Nasi pracownicy pili alkohol już po pracy - zarzeka się kierownictwo cyrku, który zawalił się pod naporem wichury.
Cyrk do Opola Lubelskiego zjechał w piątek przed południem. Pracownicy obsługi technicznej szybko postawili namiot. Na przedstawienie przyszło około 300 osób. Spektakl rozpoczął się o 17.30. Kilka minut później niebo pociemniało, a w namiot uderzyła trąba powietrzna. Konstrukcja zawaliła się na widzów - pisaliśmy o tym w sobotę.
Jak tylko karetki zabrały rannych do szpitali, policja zainteresowała się pracownikami cyrku. Okazało się, że pięciu z nich jest nietrzeźwych. Mieli od 0,3 do 2,8 promila. Zostali zatrzymani, a jak wytrzeźwieli, przesłuchali ich policjanci. W sobotę byli już wolni. - Będziemy ustalać, czy byli pijani przy stawianiu cyrku - mówi Renata Laszczka-Rusek z lubelskiej policji.
Kierownictwo cyrku twierdzi, że pracownicy pili dopiero po pracy. - Ekipa techniczna postawiła konstrukcję i namiot wczesnym popołudniem - mówi Elżbieta Sławik, współwłaścicielka cyrku "Safari”. - Nikt z moich pracowników nie pił alkoholu podczas pracy.

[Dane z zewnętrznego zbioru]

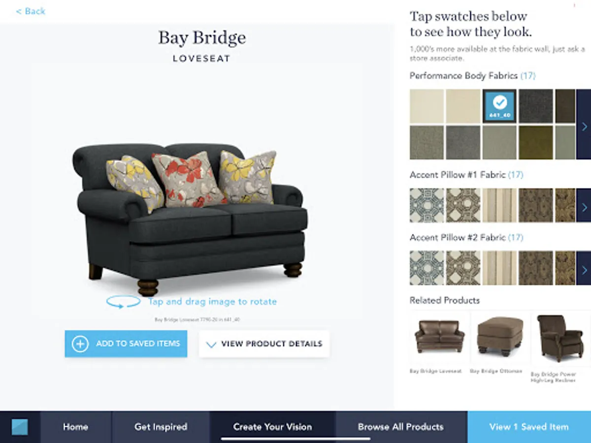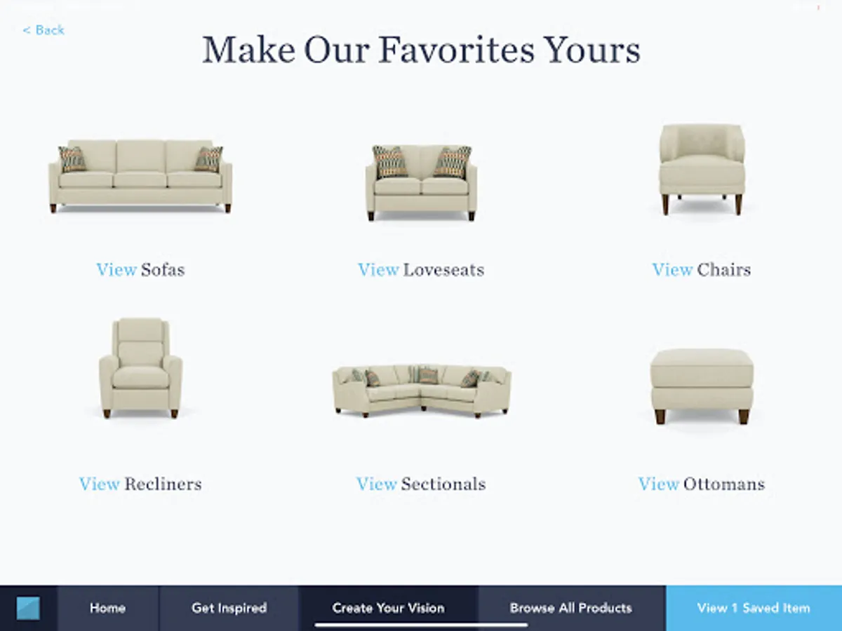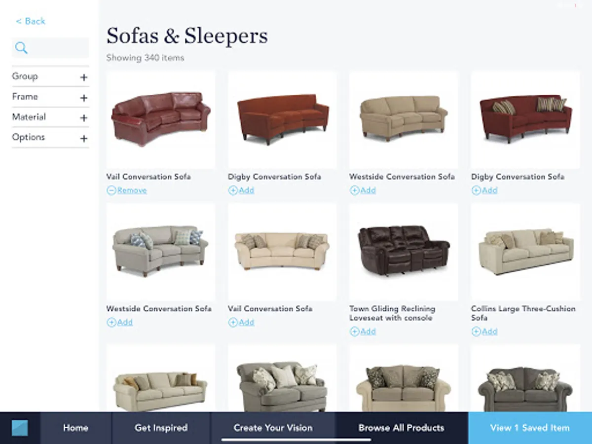• Shop our full collection of furniture—everything shown online is now available in the app.

Potem mieli wolne, a przecież wtedy ja ich pilnować nie będę.
- Owszem, napiłem się, ale dopiero po akcji ratunkowej. Byłem zmarznięty i zmoczony - tłumaczy się Jacek Saługa, jeden ze zbadanych alkomatem. - Jestem tu muzykiem, nie rozstawiam namiotów.
Na potrzeby śledztwa miejsce katastrofy obejrzeli biegli. Mają ocenić, czy konstrukcję namiotu postawiono prawidłowo. Wczoraj policja przesłuchała około 20 pracowników cyrku. Niektórych już drugi raz.
Z blisko 40 osób, które ucierpiały w katastrofie, hospitalizowanych jest jeszcze pięć. Trójka najmłodszych dochodzi do siebie w Dziecięcym Szpitalu Klinicznym w Lublinie. W klinice w Lublinie leży też ciężko ranna kobieta.